Strategy9 min read
Unemployment at 4.3% and the May RBA call: what it means for Australian mortgage rates (April 2026)
The March 2026 jobs print landed yesterday with unemployment steady at 4.3%. It is the last major labour-market read before the Reserve Bank’s 5 May decision. Here is what it actually says, how the Board tends to read it, and what it means for your mortgage — especially if you are self-employed or already on a high rate.
Azure Home Loans — general information only, not personal credit advice.
The Australian Bureau of Statistics released Labour Force, Australia, March 2026 on 16 April 2026 at 11:30 am AEST. The headline number — seasonally adjusted unemployment rate of 4.3 per cent — may look like a non-event on paper. In the context of the Reserve Bank of Australia (RBA) monetary policy decision on 5 May 2026, it is anything but quiet.
This is general information for Australian readers. It is not personal advice, and it is not a forecast. Primary sources matter here, so I will link directly to the ABS and the RBA below.
The print in one minute (seasonally adjusted, March 2026)
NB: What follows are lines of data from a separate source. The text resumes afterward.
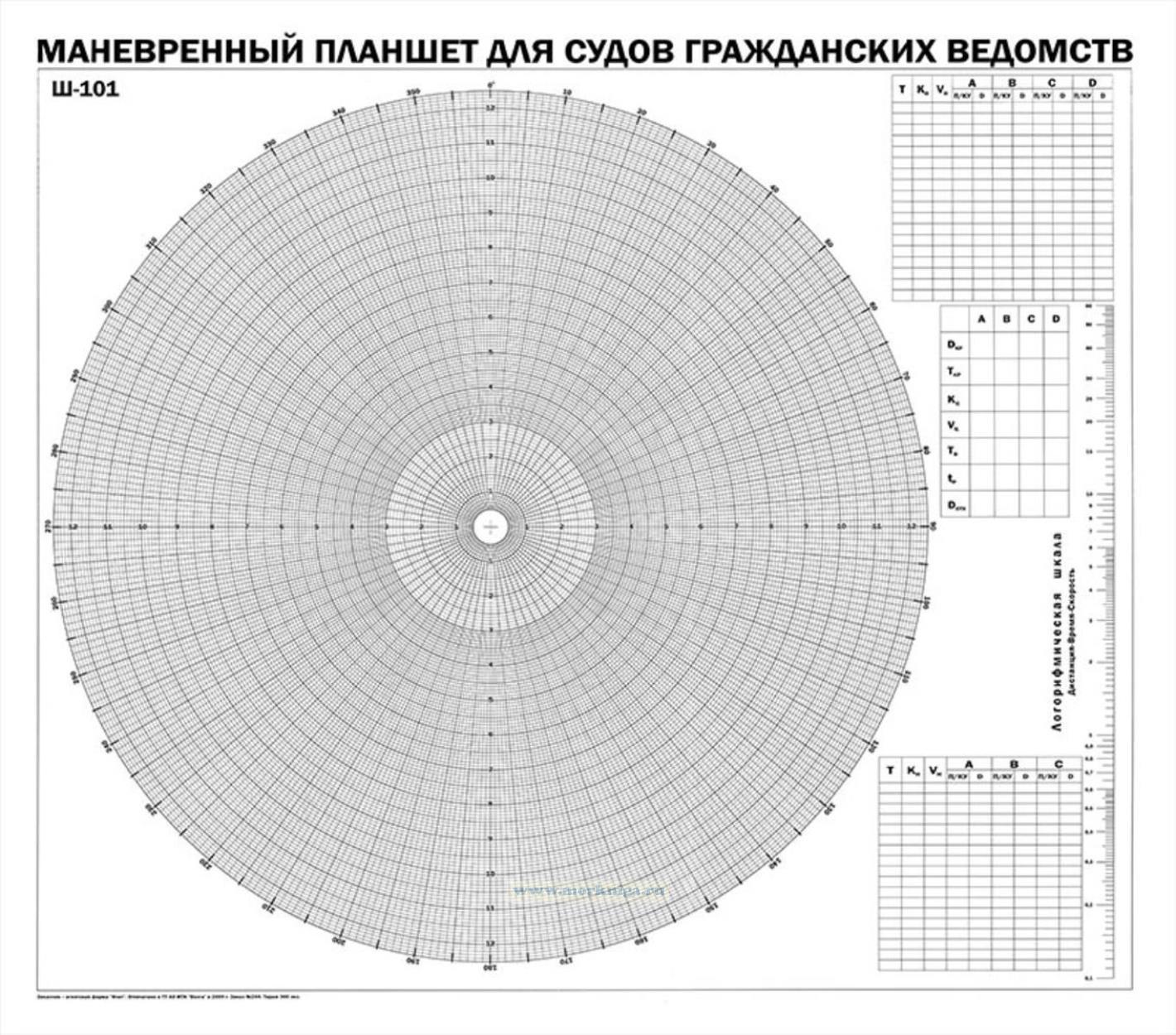 Информация о поворотливости приводится в виде графика и таблицы. График циркуляции отражает положение судна через 30° на траекторию вправо и влево с положением руля «на борт» и «на полборта». Аналогичная информация представляется в табличной форме, но через каждые 10° изменения начального курса в диапазоне 0-90°, на каждые 30° - в диапазоне 90-180°, на каждые 90° - в диапазоне 180-360°. В нижней части таблицы помещают данные о наибольшем диаметре циркуляции.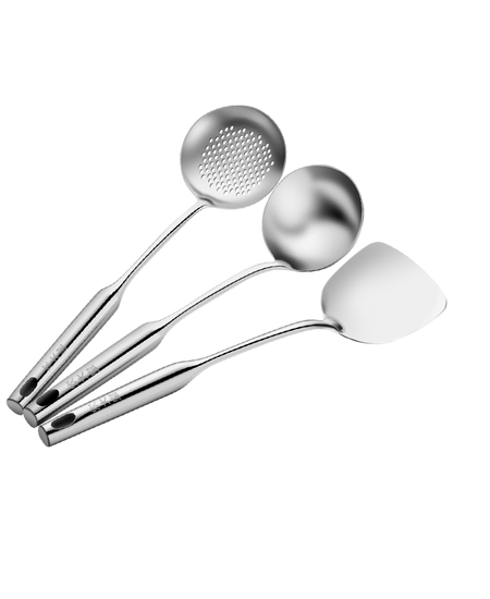 炊大皇 铲勺套装 304不锈钢锅铲+汤勺+漏勺三件套 铁锅不锈钢锅炒菜铲子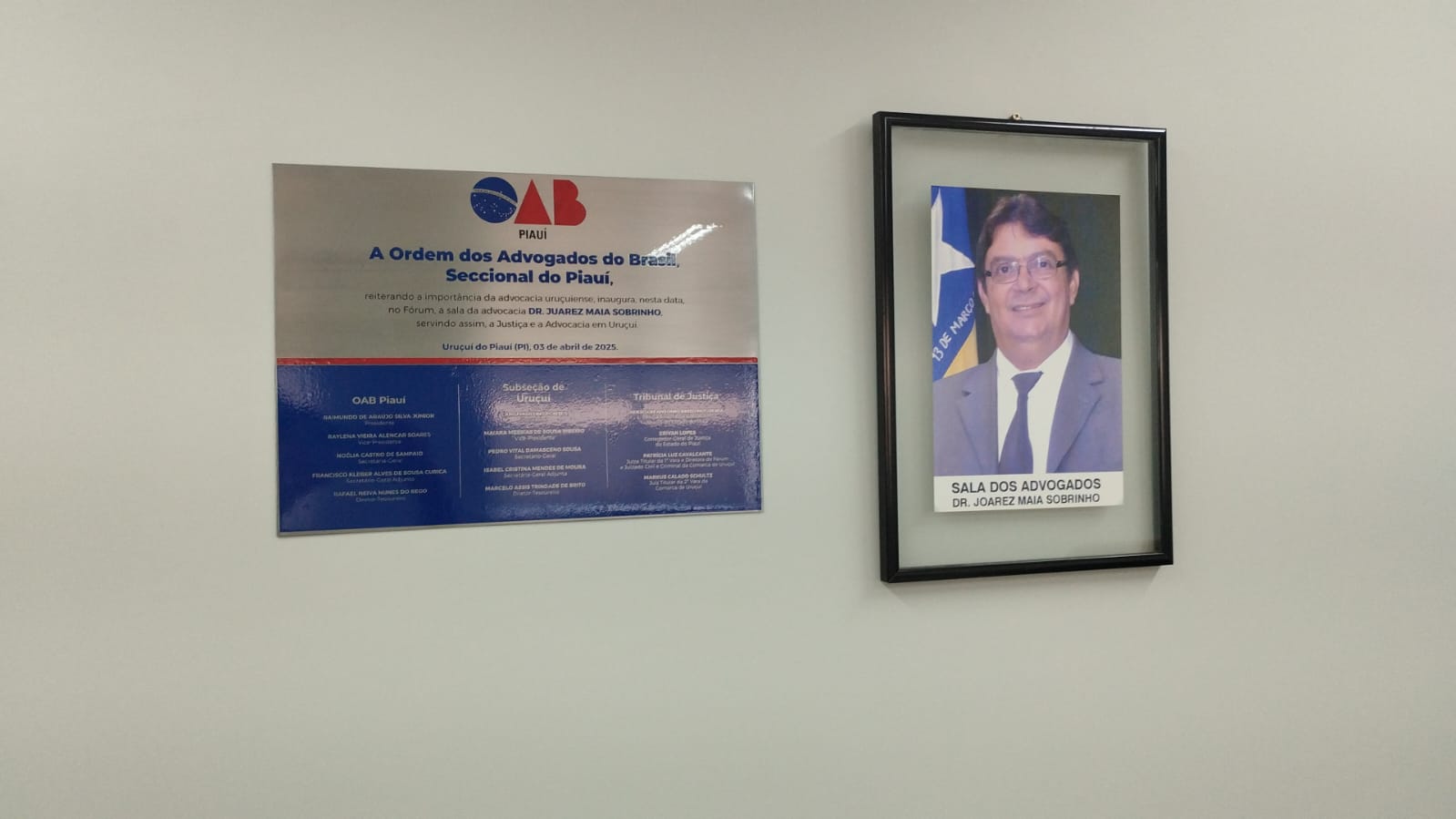 A Ordem dos Advogados do Brasil, Seccional Piauí (OAB-PI), inaugurou no dia 03 de abril mais um importante espaço voltado ao fortalecimento da advocacia no interior do estado. A nova Sala da Advocacia, instalada no Fórum Desembargador Ernesto Baptista, no município de Uruçuí, leva o nome do advogado Dr. Joarez Maia Sobrinho, em homenagem à sua destacada atuação profissional e contribuição à advocacia piauiense.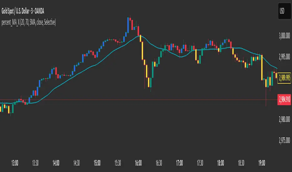 Use "Selective" mode to color bars blue when they exceed the percentage above the MA (bullish) or yellow when they exceed it below (bearish)Use "All" mode to color all bars above the MA green and all below red

Directly from the ABS Labour Force, Australia, latest release:
- Unemployment rate: 4.3% (unchanged)
- Participation rate: 66.8% (slightly lower on a seasonally adjusted basis)
- Underemployment rate: 5.9% (unchanged)
- Employed people: 14,767,700
- Full-time employment rose by 52,500 to 10,174,400
- Part-time employment fell by 34,600 to 4,593,300
- Monthly hours worked: 2,016 million
Plain English: the jobs market did not loosen. People did not stop working. Full-time jobs actually rose while part-time jobs eased. That is a subtle composition signal worth reading, not just the headline rate.
Why this is the data the RBA stares at before 5 May
The RBA adjusts the cash rate target with two anchors in mind: inflation and the labour market. You can see the Board’s framing on the RBA monetary policy page and in the next RBA media release following the 4–5 May 2026 meeting.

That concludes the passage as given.